Drop the pictures from the entries below, then reproduce the rest exactly.

• MATERIALS PROVIDED:
------------------------------------

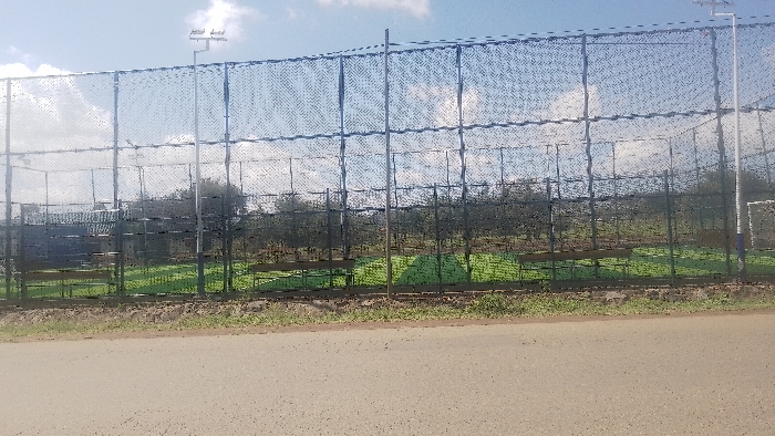 A large enclosed sports facility is seen from outside the perimeter fence. The fencing is made of wire mesh with metal supports. A row of green trees and plants is visible through the fence. The facility has lighting poles and a soccer goal. The foreground is a gray road. The sky is blue with some clouds.
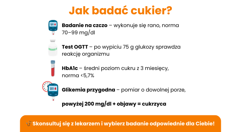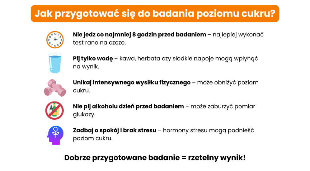 - Przed badaniem cukru należy unikać jedzenia przez co najmniej 8 godzin, nie pić alkoholu i unikać stresu.
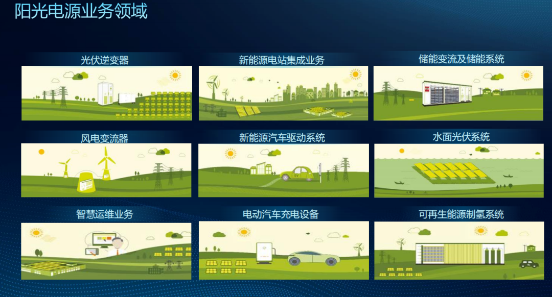 首先来看阳光电源的业务领域:一方面是我们的风光储板块,大家所熟知;同时还有全球领先的水面光伏系统,以及最近蓬勃发展的电驱、智慧运维、充电、制氢等等。
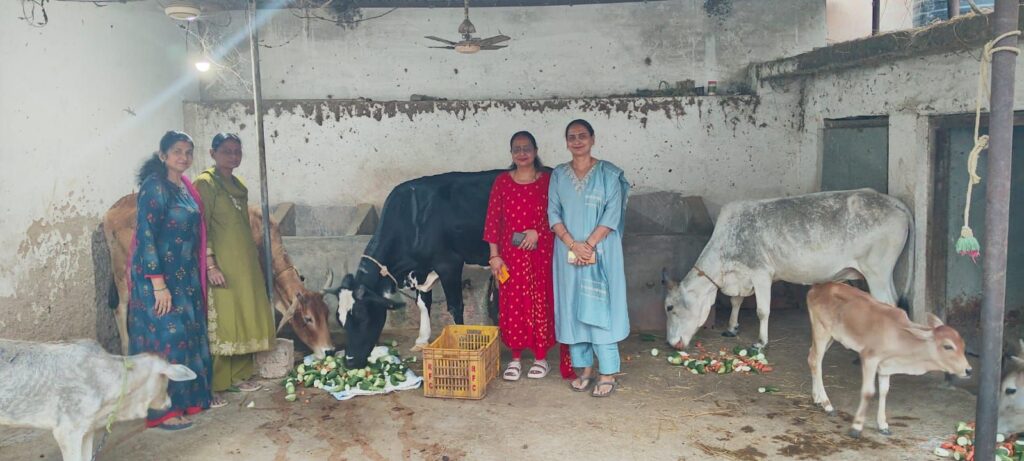 शाखा अध्यक्ष श्रीमती मधु केजरीवाल की गरिमामयी उपस्थिति में समिति की सदस्यों ने नगर स्थित गोपाल जी मंदिर, छोटे मठ की गौशाला में पहुंचकर गौमाता की सेवा की। इस दौरान गौमाता को ताजा और पौष्टिक हरी सब्जियां खिलाई गईं, जिससे सेवा का यह कार्य और भी सार्थक बन गया।
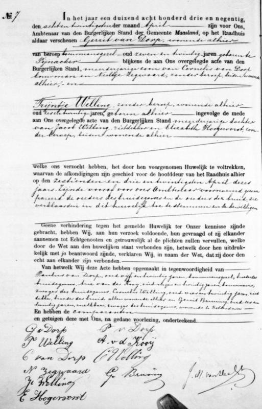 Bron: BS Huwelijk Gerrit van Dorp en Trijntje Welling
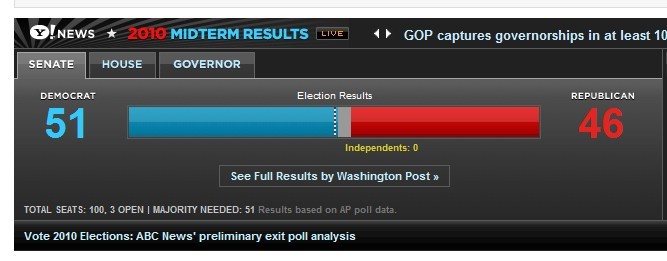 據報道,《華盛頓郵報》最新出口民調結果顯示,在美國2010年中期選舉當中,總統奧巴馬所在的民主黨在參議院已開出的97個席位中獲得了51個席位,超過參議院100個議席中的半數,獲得了參議院掌控權。
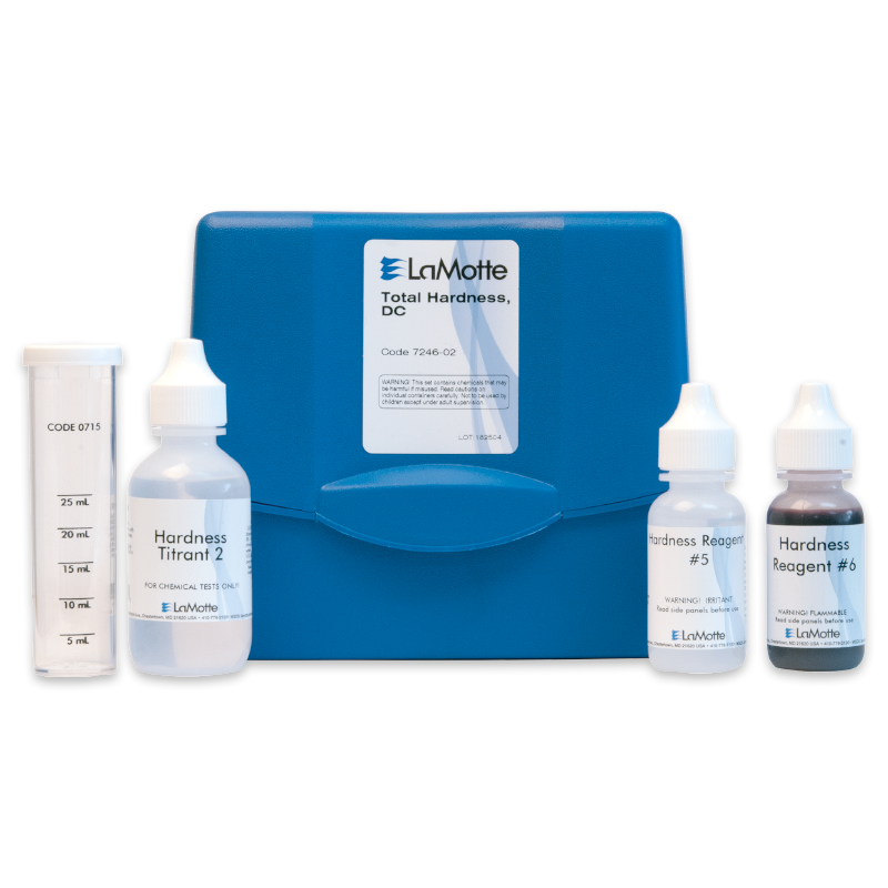 Este kit demuestra la dureza total usando el método de la botella cuentagotas. Todos los resultados son como CaCO3. El rango/sensibilidad es 1 gota = 2, 5 o 10 ppmCaCO 3.
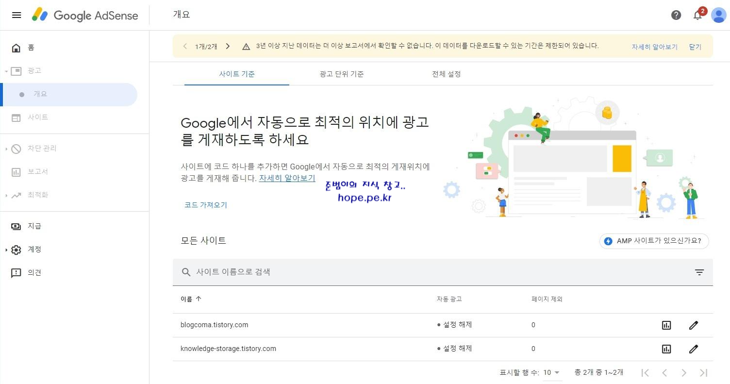 Google AdSense 개요 화면 입니다.

------------------------------------

• RESULT:
 A large enclosed sports facility is seen from outside the perimeter fence. The fencing is made of wire mesh with metal supports. A row of green trees and plants is visible through the fence. The facility has lighting poles and a soccer goal. The foreground is a gray road. The sky is blue with some clouds.
 - Przed badaniem cukru należy unikać jedzenia przez co najmniej 8 godzin, nie pić alkoholu i unikać stresu.
 首先来看阳光电源的业务领域:一方面是我们的风光储板块,大家所熟知;同时还有全球领先的水面光伏系统,以及最近蓬勃发展的电驱、智慧运维、充电、制氢等等。
 शाखा अध्यक्ष श्रीमती मधु केजरीवाल की गरिमामयी उपस्थिति में समिति की सदस्यों ने नगर स्थित गोपाल जी मंदिर, छोटे मठ की गौशाला में पहुंचकर गौमाता की सेवा की। इस दौरान गौमाता को ताजा और पौष्टिक हरी सब्जियां खिलाई गईं, जिससे सेवा का यह कार्य और भी सार्थक बन गया।
 Bron: BS Huwelijk Gerrit van Dorp en Trijntje Welling
 據報道,《華盛頓郵報》最新出口民調結果顯示,在美國2010年中期選舉當中,總統奧巴馬所在的民主黨在參議院已開出的97個席位中獲得了51個席位,超過參議院100個議席中的半數,獲得了參議院掌控權。
 Este kit demuestra la dureza total usando el método de la botella cuentagotas. Todos los resultados son como CaCO3. El rango/sensibilidad es 1 gota = 2, 5 o 10 ppmCaCO 3.
 Google AdSense 개요 화면 입니다.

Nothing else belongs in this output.